At the time of writing, $BTC is trading at $46,153 (-2.6% in 7 days), below its 200-day simple moving average (SMA), which is currently $48,012.
The second largest cryptocurrency by market cap, $ETH, is trading at $3,732 (-1.26% in 7 days), above its 200-day SMA, which is currently $3,393.82.
ETH/BTC: the spread between the two currencies is trading at 0.08095 (+1.34% in 7 days), above its 200-day SMA, which is currently 0.07012.
The year 2021 has ushered in 2022, and bullish sentiment continues to be low despite bitcoin’s 13th birthday.
Bitcoin is behaving more and more like a traditional finance risk asset, and in a sense this is due to its success.
In a ranking that includes public companies, precious metals, cryptocurrencies, and ETFs, bitcoin is in 10th place ($837.5 billion) just below Meta (Facebook), and Ethereum ranks 19th ($444.37 billion).
The success of bitcoin and ether has attracted institutional investors, who want more and more exposure to digital assets, thus increasing the supply of financial instruments available.
The realised volatility is decreasing year-over-year, and so is the exponential increase in value.

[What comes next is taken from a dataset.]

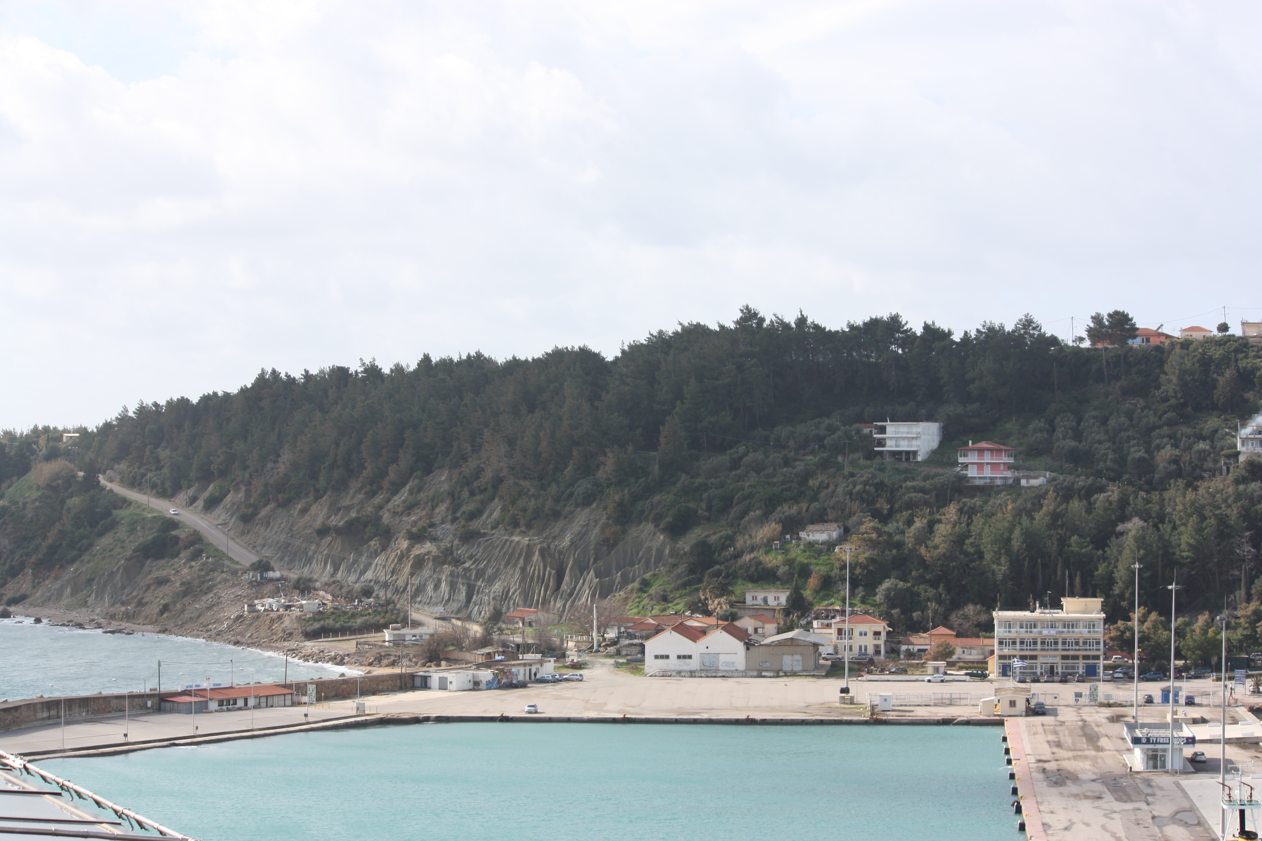 Dock and coastline in Katakolo, Greece from a ship in the Kyparissian Gulf.

The one-year at-the-money implied volatility on BTC went from 97.02% on January 4, 2021 to 67% on January 4, 2022.
Similarly, the implied volatility of ETH went from 131% to 76%.
The futures market shows the same trends: BTC Futures Annualised Rolling three-month basis on CME went from 17.99% to 4.91% in one year, while the ETH basis went from 6.64% to 5.47%.

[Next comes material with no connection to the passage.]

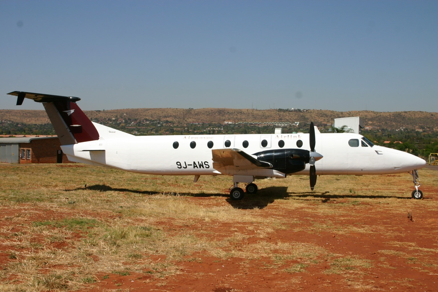 At Wonderboom Airport

In the coming weeks, we will see if the portfolio rebalancing had an impact on keeping the asset class down for most of December, and if this same issue could help its recovery in early 2022.
Whichever the case may be, I believe that the most interesting price increase in 2022 will see the smaller coins – driven by retail, so-called “Ethereum Killers”, NFTs, exchange tokens, and DeFi – drive the cypto adoption, and increasingly centralise the crypto ecosystem. They will be the game changers.